_Exercise directions_
Repeat everything in the data exactly except images.

_Collected data_
────────────────────
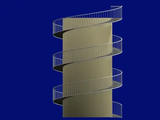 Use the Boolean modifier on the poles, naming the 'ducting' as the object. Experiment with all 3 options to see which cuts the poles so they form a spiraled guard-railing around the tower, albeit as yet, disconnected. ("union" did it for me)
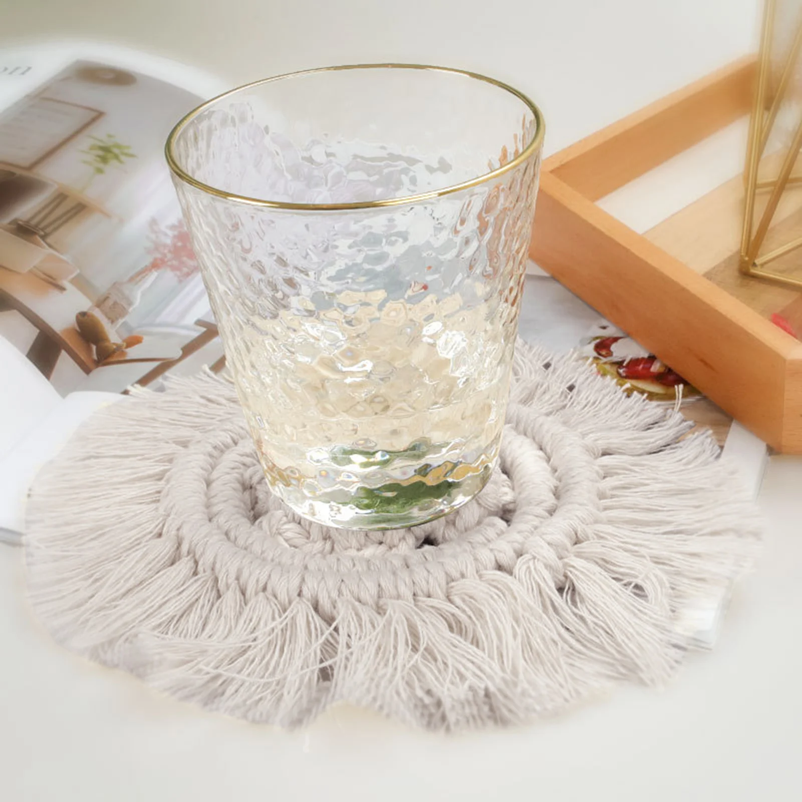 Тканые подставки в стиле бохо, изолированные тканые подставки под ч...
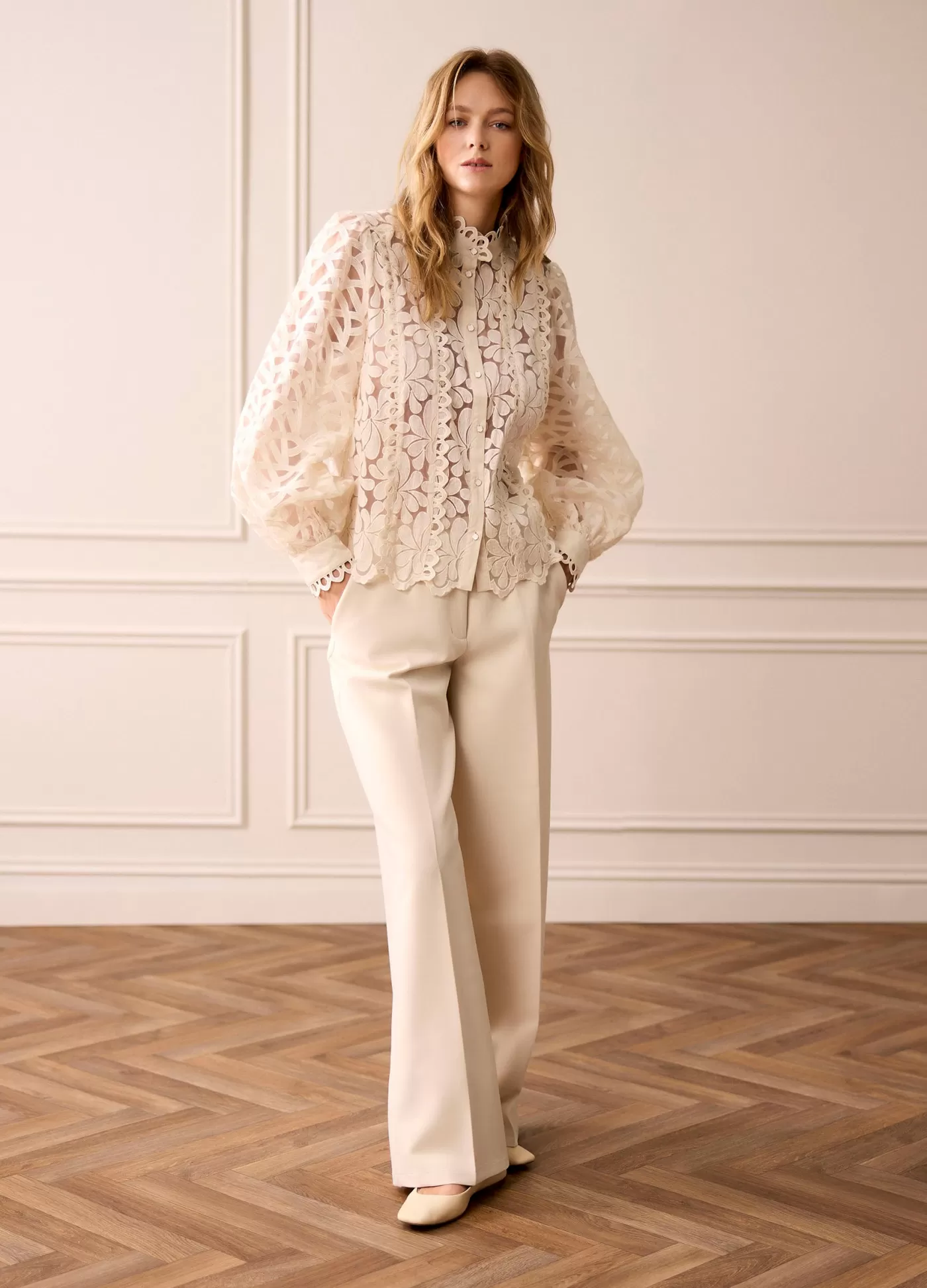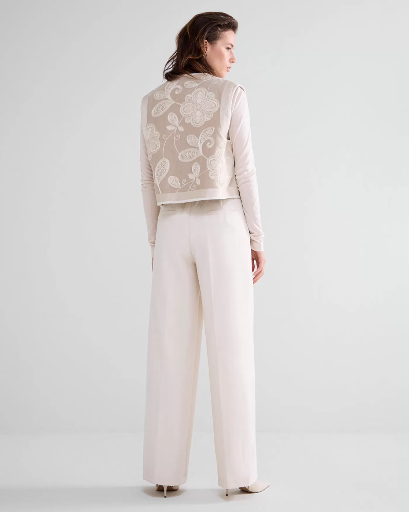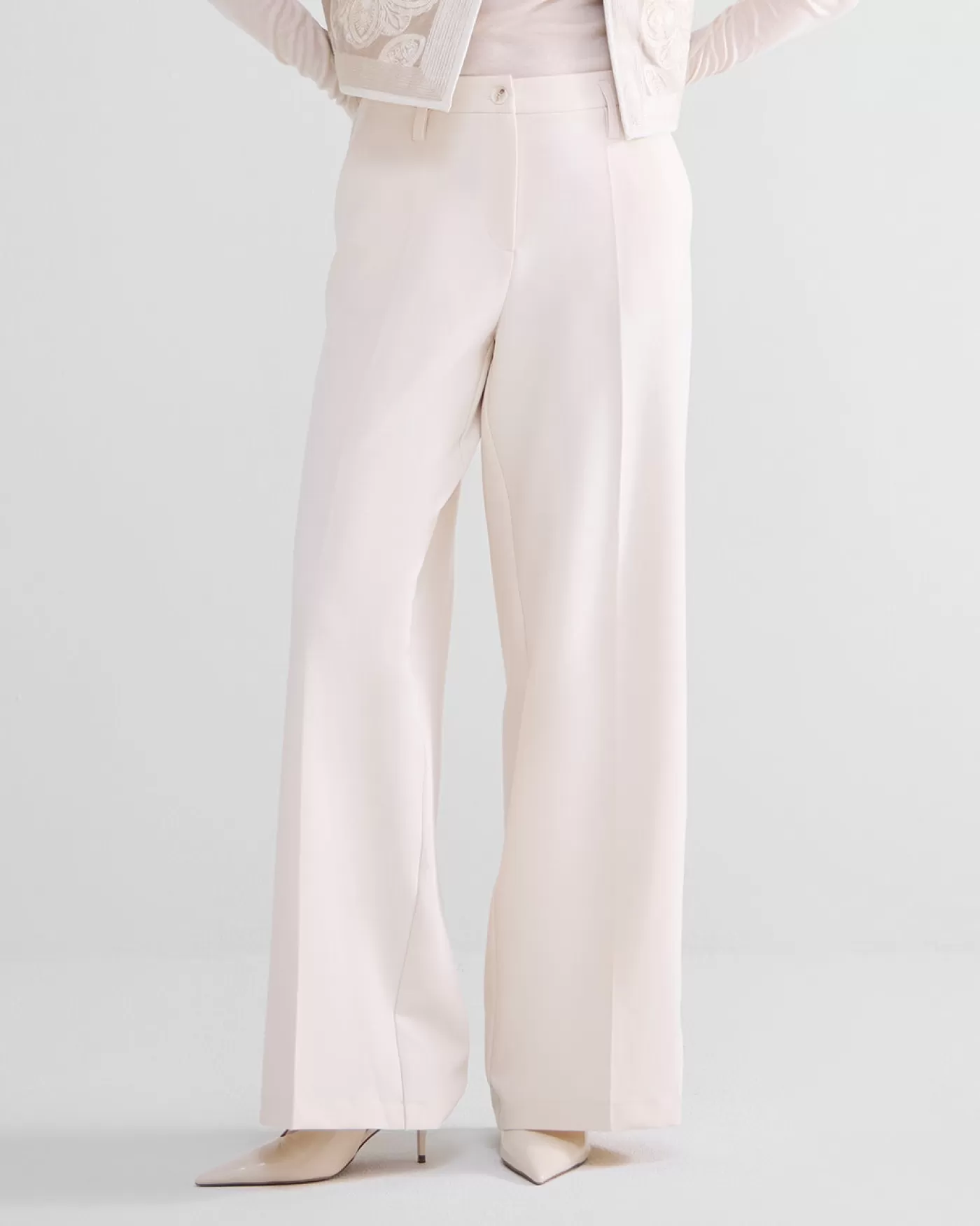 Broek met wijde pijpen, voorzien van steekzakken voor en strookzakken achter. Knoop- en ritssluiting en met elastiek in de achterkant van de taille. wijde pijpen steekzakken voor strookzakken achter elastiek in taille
────────────────────
_Task answer_
 Use the Boolean modifier on the poles, naming the 'ducting' as the object. Experiment with all 3 options to see which cuts the poles so they form a spiraled guard-railing around the tower, albeit as yet, disconnected. ("union" did it for me)
 Тканые подставки в стиле бохо, изолированные тканые подставки под ч...
 Broek met wijde pijpen, voorzien van steekzakken voor en strookzakken achter. Knoop- en ritssluiting en met elastiek in de achterkant van de taille. wijde pijpen steekzakken voor strookzakken achter elastiek in taille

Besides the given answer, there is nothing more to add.